Tomorrow's is A Level results day for students in the UK. The event is causing excitement, not just because it will determine students' university admissions but because the British Labour Party is promising to scrap predicted A-Level grades as the key determinant of university entry if it's elected. 

Irrespective of whether A-Levels will get you into a Russell Group University, will your grades get you a future graduate job in an investment bank?  Most banks don't stipulate minimum A Level grades, but the people they hired ten to have performed extraordinarily well in the exams taken by British 18 year-olds.

Senior bankers don't give their A Level grades on their CVs. Once you're a managing director at J.P. Morgan or a partner at Goldman Sachs, who cares what you achieved at A Level? We know that Michael Sherwood, the former head of Goldman Sachs in Europe, sat his A Levels prematurely at 16, but we don't know what he scored.

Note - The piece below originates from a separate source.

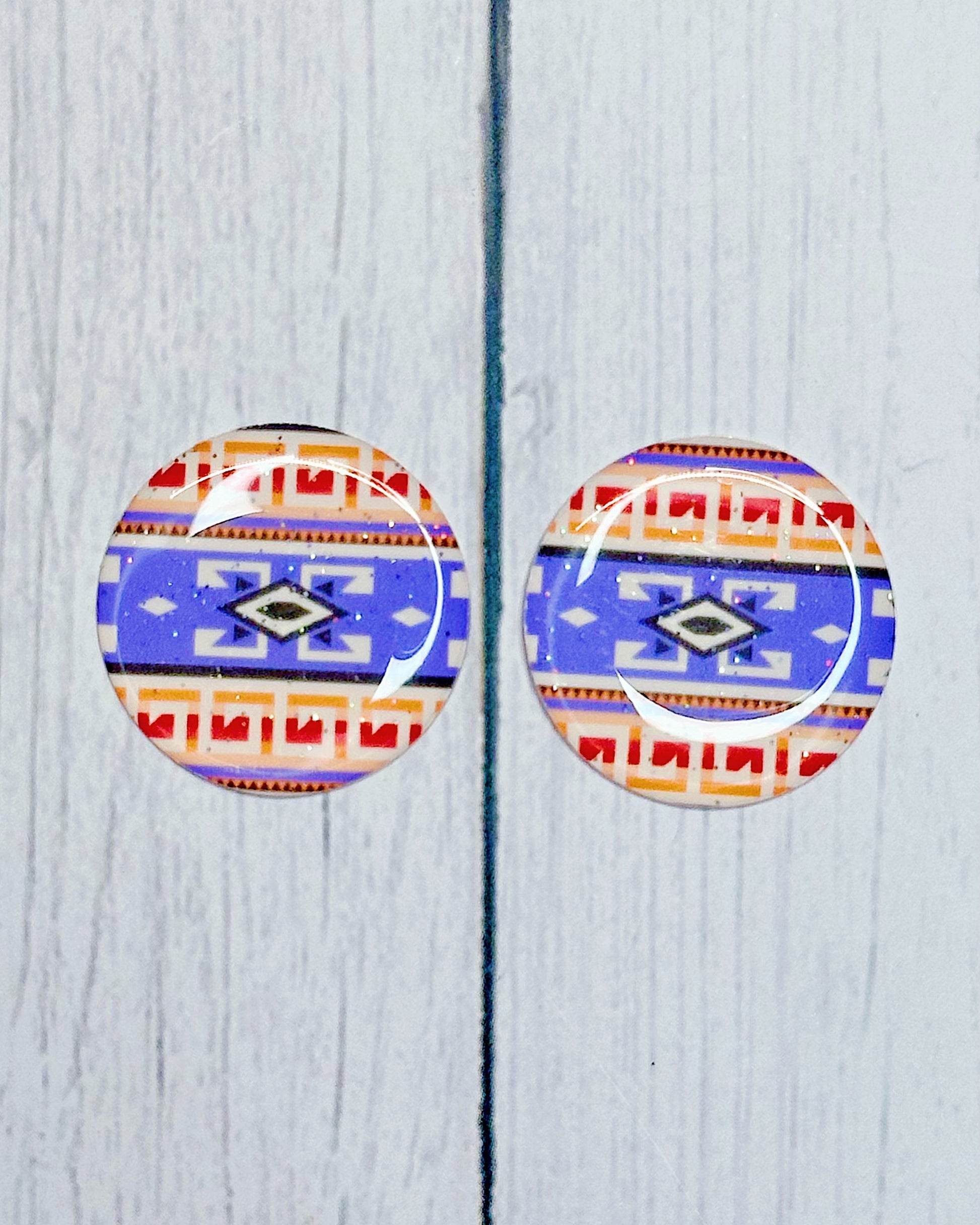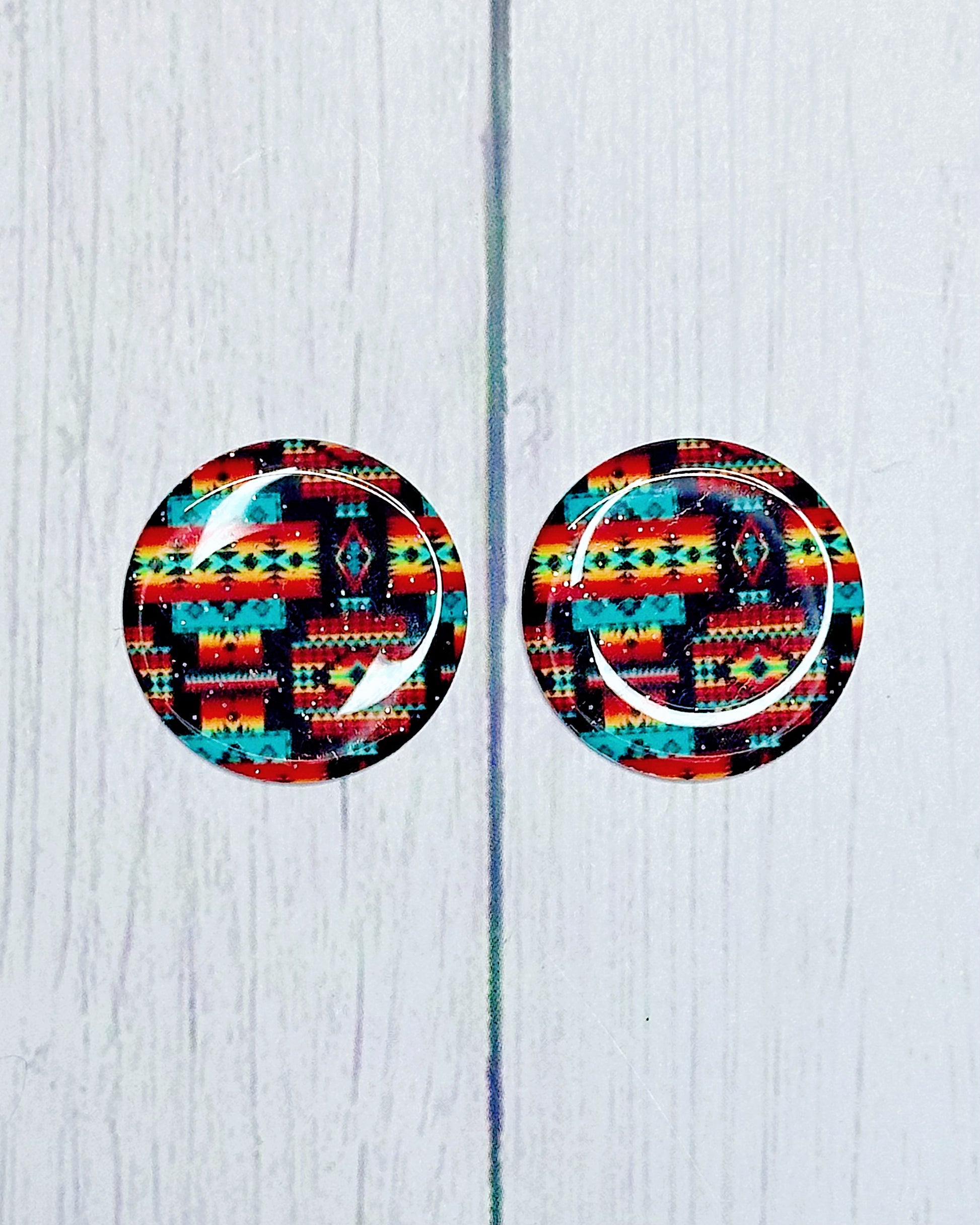 Add bold style and vibrant detail to your beadwork with our Native Pattern 1" Round Cabs. Each set includes a matching pair (2 cabs) for perfectly coordinated designs, available individually or as a complete collection of 7 pairs. Made from durable epoxy, these cabochons come in your choice of a sleek glossy or eye-catching glitter finish to match any aesthetic. Ideal for jewelry making and craft projects, they bring lasting shine and unique flair to every creation.

Students joining banks in London do specify their A level results, however.  Wajih Ahmed, the associate-level inflation trader at Goldman Sachs with a reputation for completing his internship project in two hours, scored 99% in his maths A level aged 10 before scoring 97% in further maths A level aged 11. Aged 13, he got an A in his chemistry A level. Aged 14, he got an A* at physics A level. He began studying economics at Southampton University aged 14, and aged only 17 was the university's youngest ever graduate, with a first class degree and an 86% overall pass rate. 

Ahmed is some sort of exception, but most juniors in banks have impressive A level results. The average number of UCAS points for summer interns? Around 530. For anyone not immediately familiar with the UK points system, that's about 3 A*s and an A as you leave high school (top grades, in other words). 

Nor can you get away with bad A levels if you want to work in an operations or accounting job in an investment bank. In operations, UCAS points are lower, but not low. For example, interns working in Goldman Sachs' control division have 320 UCAS points. Operations and collateral management interns at J.P. Morgan have 360 and 480 UCAS points respectively.

There are occasional exceptions to the A Level rule in banking. For example, Joanne Hannaford, the EMEA head of technology at Goldman Sachs, didn't do A levels at all, but studied a more vocational BTEC and HND before going on to do a PhD in computer science at University College London.